In JavaScript, the aspects of the language described above can cause a problem concerning binary search. Because of JSs lack of strictness, we can't trust our data in the same way as in C or Rust or other languages (even though TypeScript could save us).

Sure if the preconditions aren't met, then we can't use BS. My point is that even though another language still would have to sort the elements in an array, we would know that all elements were of the same type in an array.

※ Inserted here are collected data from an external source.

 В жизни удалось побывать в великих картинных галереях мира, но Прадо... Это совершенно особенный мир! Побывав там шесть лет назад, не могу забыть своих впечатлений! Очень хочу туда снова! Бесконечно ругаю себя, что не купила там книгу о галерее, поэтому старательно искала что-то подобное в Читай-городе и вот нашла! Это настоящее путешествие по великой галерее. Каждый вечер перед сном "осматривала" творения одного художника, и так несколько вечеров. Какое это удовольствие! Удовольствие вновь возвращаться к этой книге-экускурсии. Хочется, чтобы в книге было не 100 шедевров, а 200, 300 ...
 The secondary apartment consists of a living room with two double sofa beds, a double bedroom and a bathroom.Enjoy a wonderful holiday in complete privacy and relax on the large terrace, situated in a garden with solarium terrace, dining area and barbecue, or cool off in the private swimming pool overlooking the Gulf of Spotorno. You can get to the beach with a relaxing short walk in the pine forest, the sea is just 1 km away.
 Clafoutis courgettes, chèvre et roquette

As programmers we want the behavior of our code to be predictable. And my point - I don't know if it is valid though - is that in JavaScript we can't. Therefore we would have to check every value in the array beforehand, and in JS we would have to do this linearly. I don't know if I misuse the terminology now, in that case, please tell me so (and I will be at least a bit wiser). My main point is that the big O of binary search is irrelevant in the context of JavaScript, if we're not 100% sure that our array is sorted and of the same type. Many other languages would have the first problem (we must trust the array to sorted), while JavaScript has to problems and this is more unpredictable. And I think we can only ensure this by the use of a linear method in JS.

Trivial nitpick: since this is binary search, the base for the logarithm is 2, not e. So it would be 2^M.

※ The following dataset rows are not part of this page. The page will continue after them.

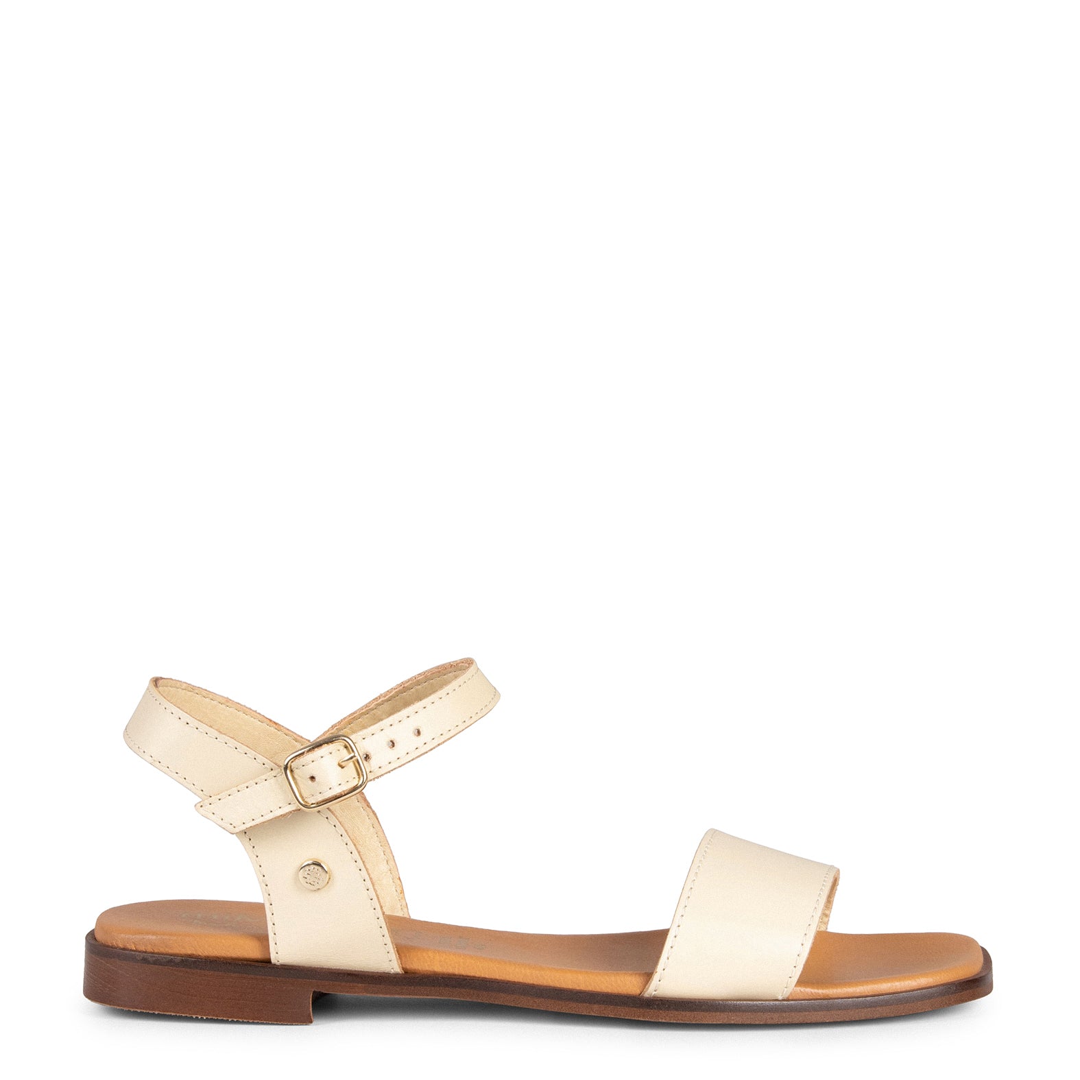 Sandalias planas de mujer de diseño sencillo que te acompañará en tu día a día. Están fabricadas en piel de color Beige.
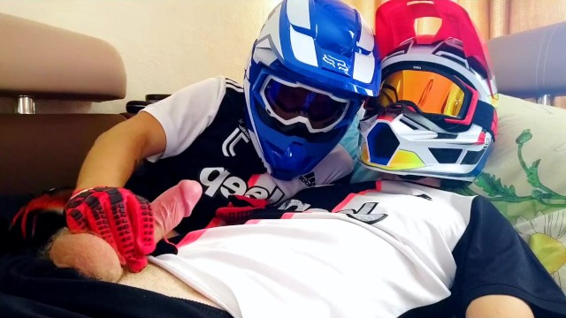 Two guys in helmets jerk off and cum
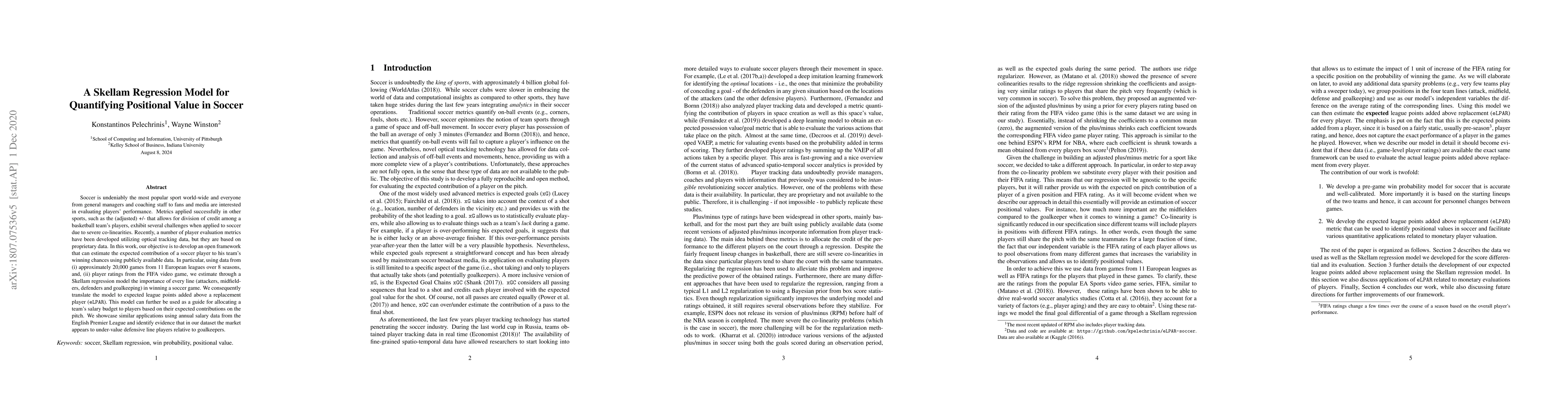 Soccer is undeniably the most popular sport world-wide and everyone from general managers and coaching staff to fans and media are interested in evaluating players' performance. Metrics applied successfully in other sports, such as the (adjusted) +/- that allows for division of credit among a basketball team's players, exhibit several challenges when applied to soccer due to severe co-linearities. Recently, a number of player evaluation metrics have been developed utilizing optical tracking data, but they are based on proprietary data. In this work, our objective is to develop an open framework that can estimate the expected contribution of a soccer player to his team's winning chances using publicly available data. In particular, using data from (i) approximately 20,000 games from 11 European leagues over 8 seasons, and, (ii) player ratings from the FIFA video game, we estimate through a Skellam regression model the importance of every line (attackers, midfielders, defenders and goalkeeping) in winning a soccer game. We consequently translate the model to expected league points added above a replacement player (eLPAR). This model can further be used as a guide for allocating a team's salary budget to players based on their expected contributions on the pitch. We showcase similar applications using annual salary data from the English Premier League and identify evidence that in our dataset the market appears to under-value defensive line players relative to goalkeepers.

Nitpick upon nitpick, the base may be 2 rather than e but IIRC the difference between lg(n) and log2(n) is a constant, and the log/lg term dominates, so it still is 0(log). I think.

Big fleas have little fleas upon their backs to bite 'em \ And little fleas have lesser fleas, and so, ad infinitum.

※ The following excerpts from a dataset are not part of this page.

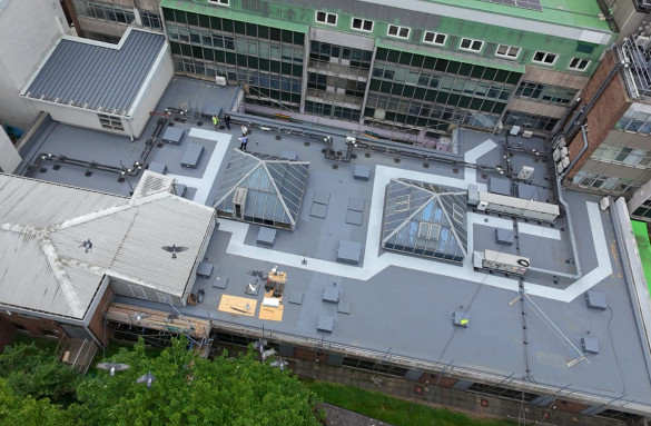 +44 (0)1268 777871Situated in Surrey, the Oak Centre at The Royal Marsden Hospital is one of Europe’s leading cancer centres for children and young people. Proteus Waterproofing® carried out a detailed survey of the existing roof, which was experiencing water ingress in several areas. The asphalt roof, previously repaired with reinforced liquid membranes, required a full system upgrade.
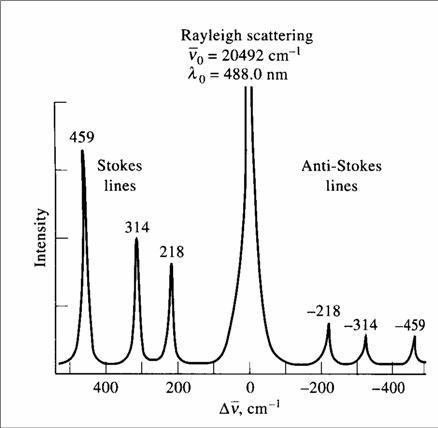 拉曼光谱有stokes线和Anti-stokes线两种,stokes线波长长,频率变小,波数变化△ν应为负的,Anti-stokes线波长长,频率变大,波数变化△ν应该为正的,可如图所示,与我想的相反,是我理解错误了吗?请高手解答。 rayleigh scattering, stokes lines and anti-stokes lines |
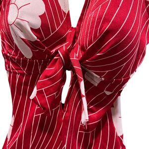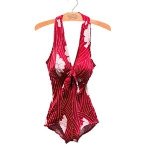 Vintage Jantzen Red Floral Halter One Piece Swimsuit Size 10
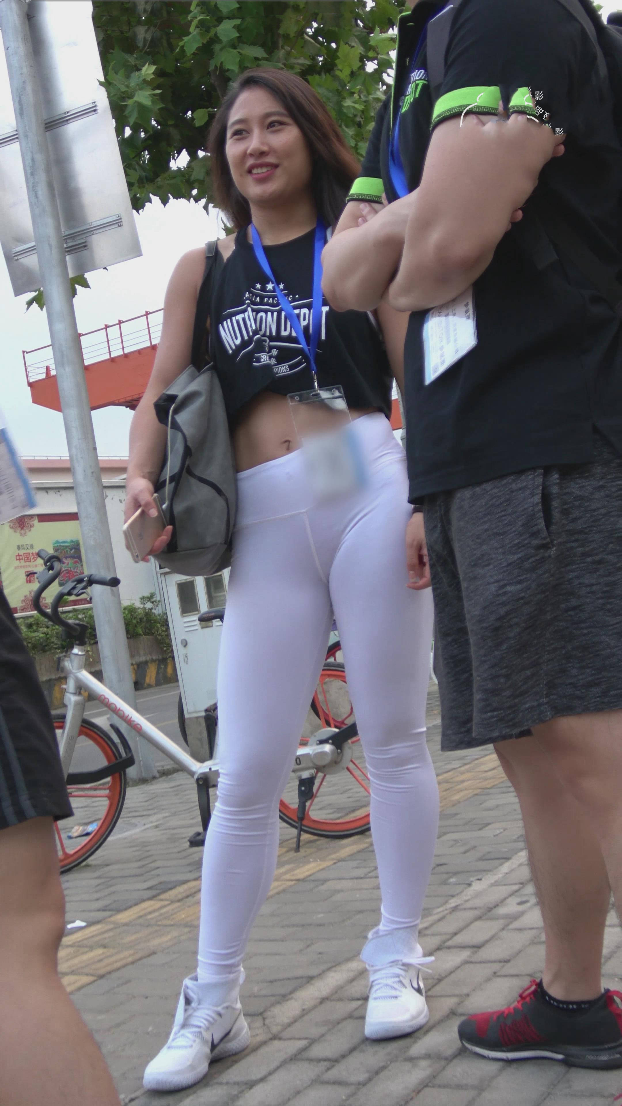 4k-紧身白裤性感露脐女神美女 编号7449
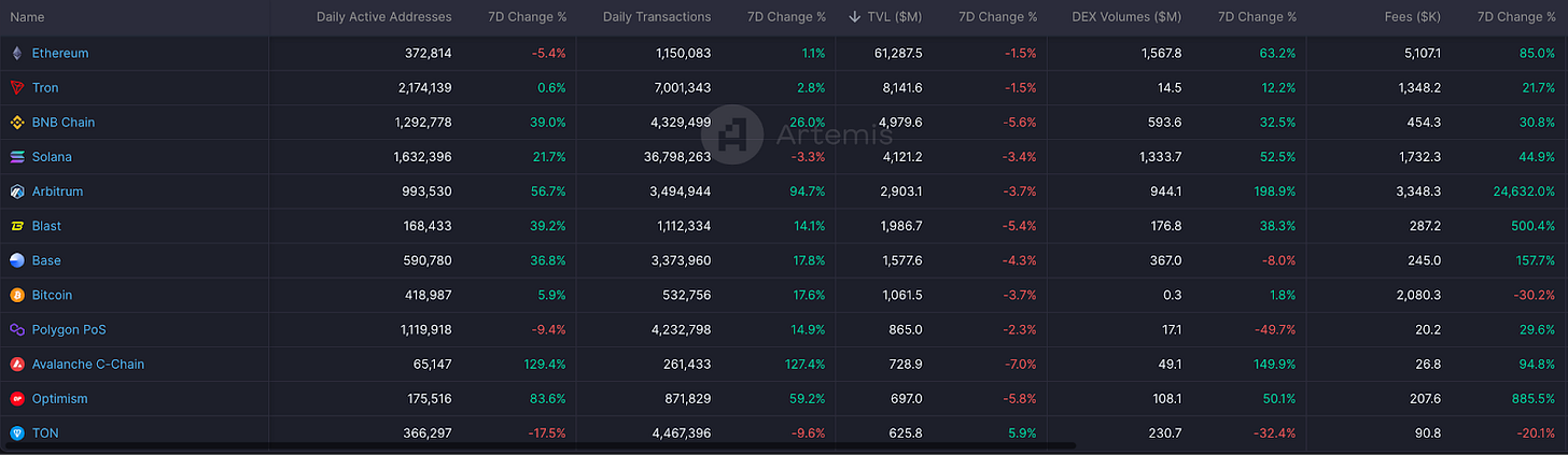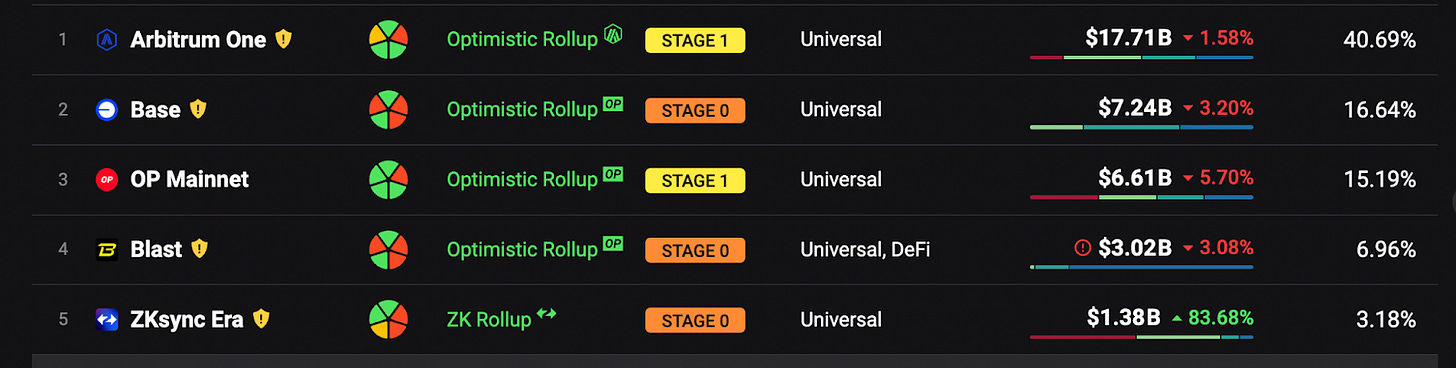 目前市場的焦點集中在 6 月 26 日發幣的 Blast,目前是 TVL 全體第四之 Layer 2 , Blast 算上 token 之後的 TVL 有望與第三名的 Optimism 比拼,至於市場會不會繼續砸盤 Blast 就只能拭目以待了。

(https://en.wikipedia.org/wiki/The_Siphonaptera>

Nitpick on Nitpick on Nitpick, it is indeed O(2^m) and not O(e^m). Those are not the same complexity.

Logs get to not care, but when we exponentiate it matters.

I guess, informally, people sometimes say exponential when they just mean "way too much" or "extreme".

Someone might say, for example, "The party was already getting out of hand, but then my roommate's drinking buddies showed up and that's when things got exponentially worse."

Thanks for comments! I will attempt to fix the flaws. Fixing the english will be harder though, for the time being my english is flawed (period). :)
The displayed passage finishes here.